Question

Figure given below shows a uniform disc of radius $8$ units. A hole of radius $4$ units has been cut out from left of its centre and is placed on the right of the centre of the disc. Find the $COM$ of the resulting shape.

• A. $(4,0)$
• B. $(2,0)$
• C. $(6,0)$
• D. $(3,0)$

Answer 1

The correct option is B $(2,0)$

Let mass of complete disc be $M$
Mass of cut out disc is $M_1=\frac{M}{\pi \times 8^2}\times \pi \times 4^2$
$\Rightarrow M_1=\frac{M}{4}$
Hence mass of the hole is $-M/4$ (negative mass for removed part)

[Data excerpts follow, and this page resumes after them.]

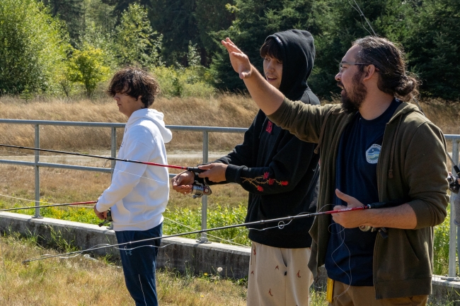Bureau of Indian Affairs intern Chris Lage gives casting tips to two members of the Lower Elwha Klallam Tribe.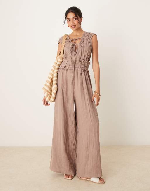 ASOS DESIGN – Zweilagiger Jumpsuit in Taupe mit geraffter Brustpartie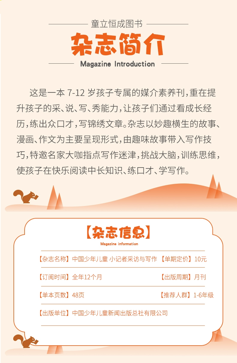 中旬刊为小记者采访与写作版(写作篇),它是小记者体验成功的乐园,小学生快乐作文的指南,少先队员展示才艺的舞台。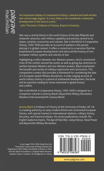War was a central theme in the world history of the late fifteenth and sixteenth centuries, with military capability and activity central to its states, societies, economies and cultures. War in the World 1450-1600 provides an account of warfare in the period, placing it in global context. It offers a corrective to a narrative that has emphasised European developments and obscured the history of non-European military systems and cultures of war. Highlighting conflict between non-Western powers, which constituted most of the conflict around the world, as well as giving due attention to warfare between Western and non-Western powers, Black emphasises the breadth and variety of military trajectories and connections. This comparative context also provides a framework for considering the idea of a European-based Military Revolution. A wide-ranging account of world military history in a period of substantial development, the book will be essential reading for those interested in global history and conflict. War in the World 1450-1600 is designed as a companion volume to Jeremy Black's Beyond the Military Revolution: Warfare in the Seventeenth-Century World.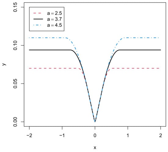 Figure 1 displays the SCAD penalty function for different values of a with a fixed value of 0.2. The SCAD penalty retains the penalization rate and the induced bias of the lasso for model parameters close to zero, but continuously relaxes the rate of penalization as the absolute value of the model parameters increases. Note that has the property of the lasso penalty around zero, but has zero derivatives for x values that strongly differ from zero. In contrast, the derivative of the lasso penalty is 1 or for positive and negative x values, respectively.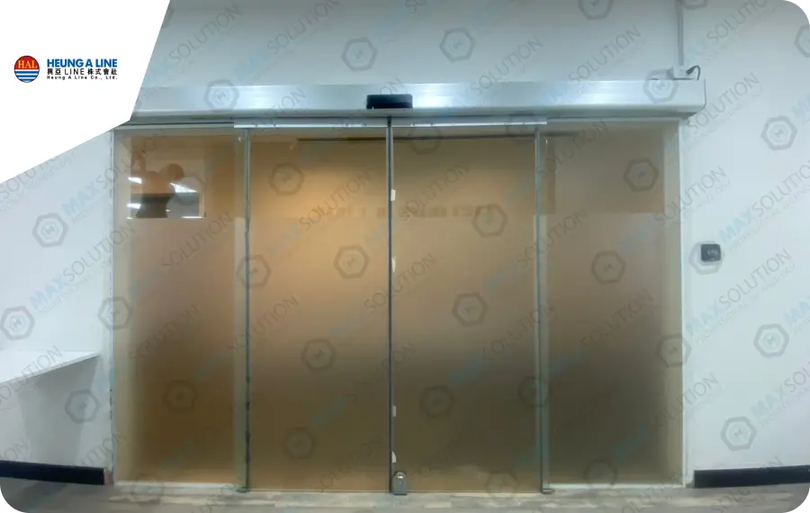 ติดตั้งระบบประตูอัตโนมัติ DORGENพร้อมโครงสร้างและบานประตูแบบบานเฟรมคู่ และใช้เซ็นเซอร์ในการสั่งเปิดเข้าและออกภายในพื้นที่โรงงาน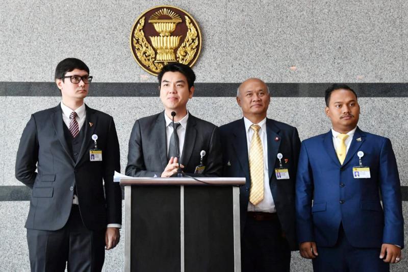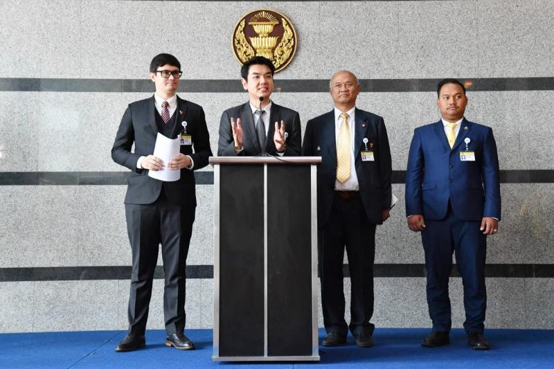 (มหาชน) นายปิยบุตร แสงกนกกุล สมาชิกสภาผู้แทนราษฎรพรรคอนาคตใหม่ และคณะ แถลงข่าว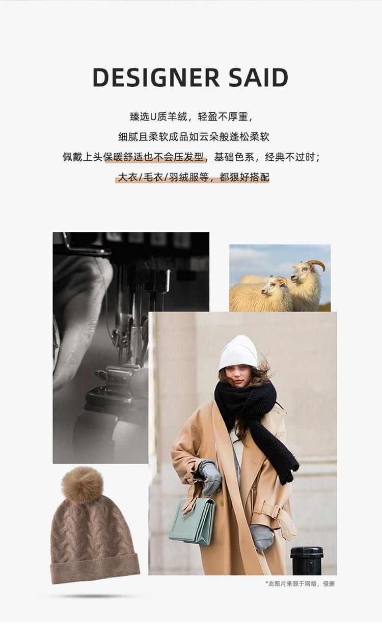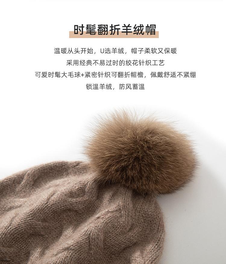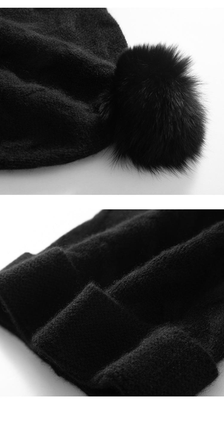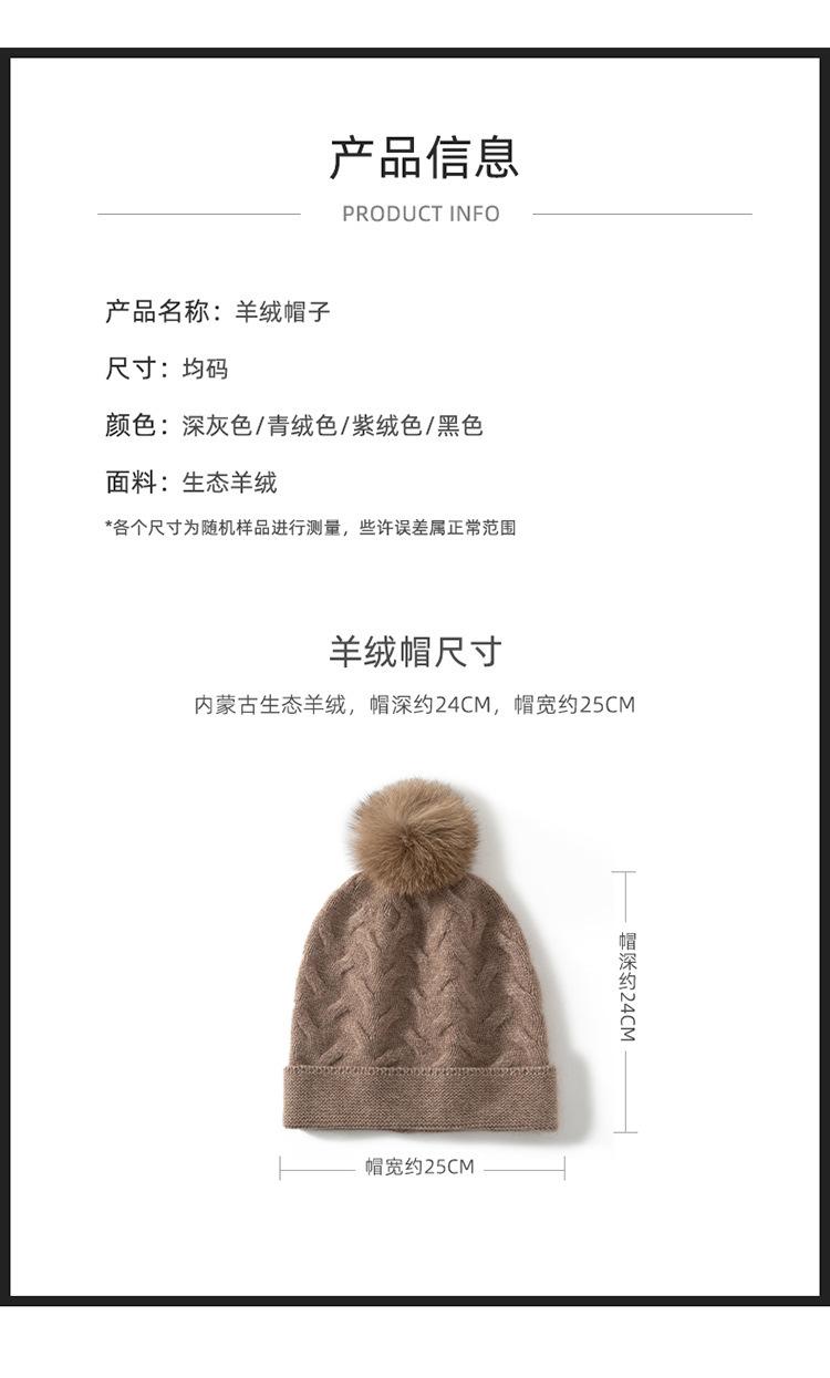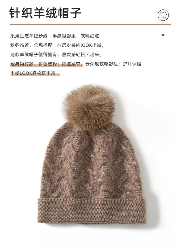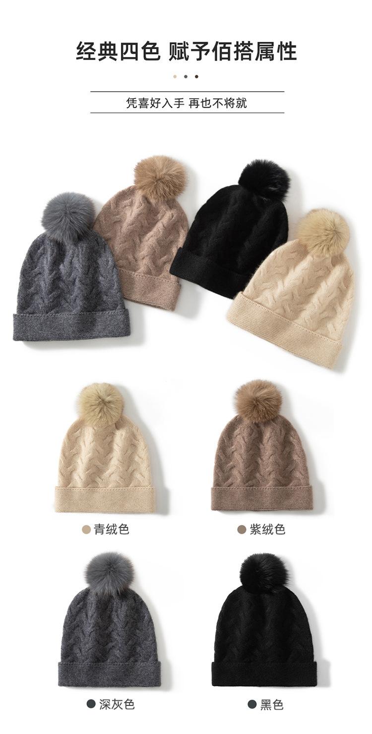Gorro de bola de pelo tejido de cachemira para otoño e invierno, grueso, de color sólido, con bolsa de lana de cachemira, gorro para la cabeza, informal, cálido, de moda pura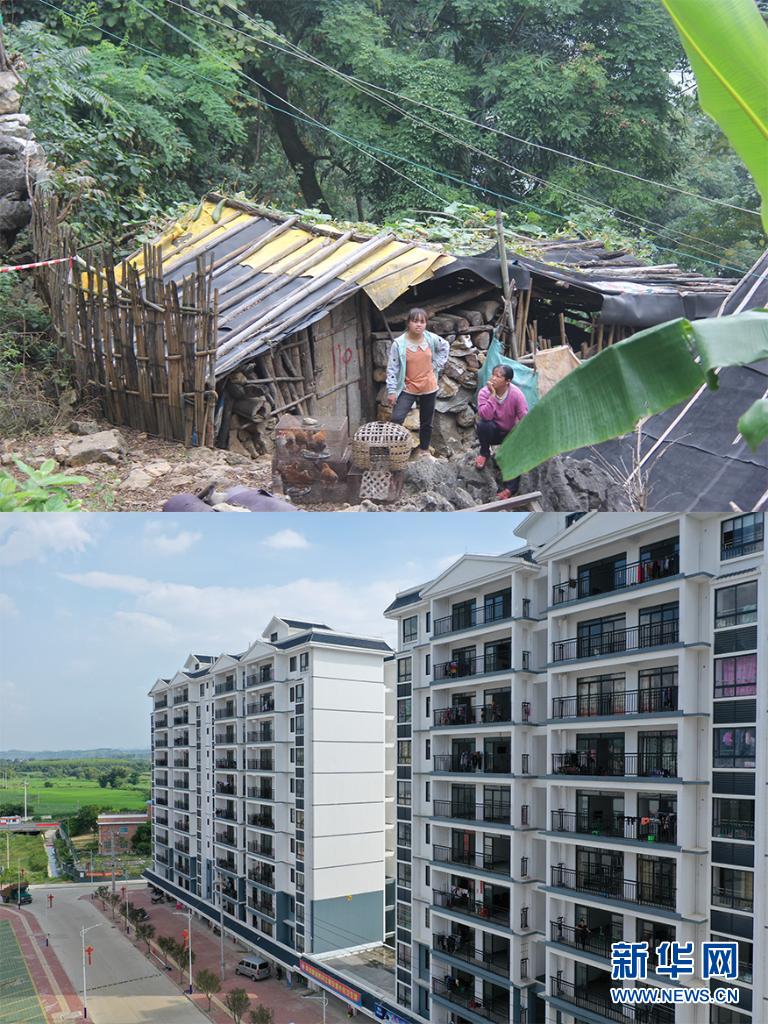 這是一張拼版照片,上圖為:2018年11月11日在廣西田東縣思林鎮(zhèn)龍邦村拍攝的村民和自家簡(jiǎn)陋的房屋(思林鎮(zhèn)政府供圖);下圖為:2019年8月28日拍攝的當(dāng)?shù)貫辇埌畲逍陆ǖ奈挥谔飽|縣思林鎮(zhèn)的易地扶貧搬遷安置點(diǎn)(無(wú)人機(jī)照片,新華社記者曹祎銘攝)。新華社發(fā)

Coordinate of $COM$ of complete disc $\left(M\right)$ are $(0,0)$
Coordinates of $COM$ of hole $\left(M_1\right)$ are $(-4,0)$
Coordinates of $COM$ of disc $\left(M_2\right)$ which is placed on the right are $(4,0)$

Then, $COM$ of the system is given by
$X_{COM}=\frac{M{X}_1+M_2{X}_2-M_1{X}_1}{M+M_2-M_1}$
$=\frac{M\times 0+\left(M/4\right)\left(4\right)-\left(M/4\right)(-4)}{M+M/4-M/4}=\frac{2M}{M}$
$\Rightarrow X_{COM}=2$
and $Y_{COM}=0$ [as figure is symmetric about $x$-axis]

Therefore, the coordinates of $COM$ of the system are $(2,0)$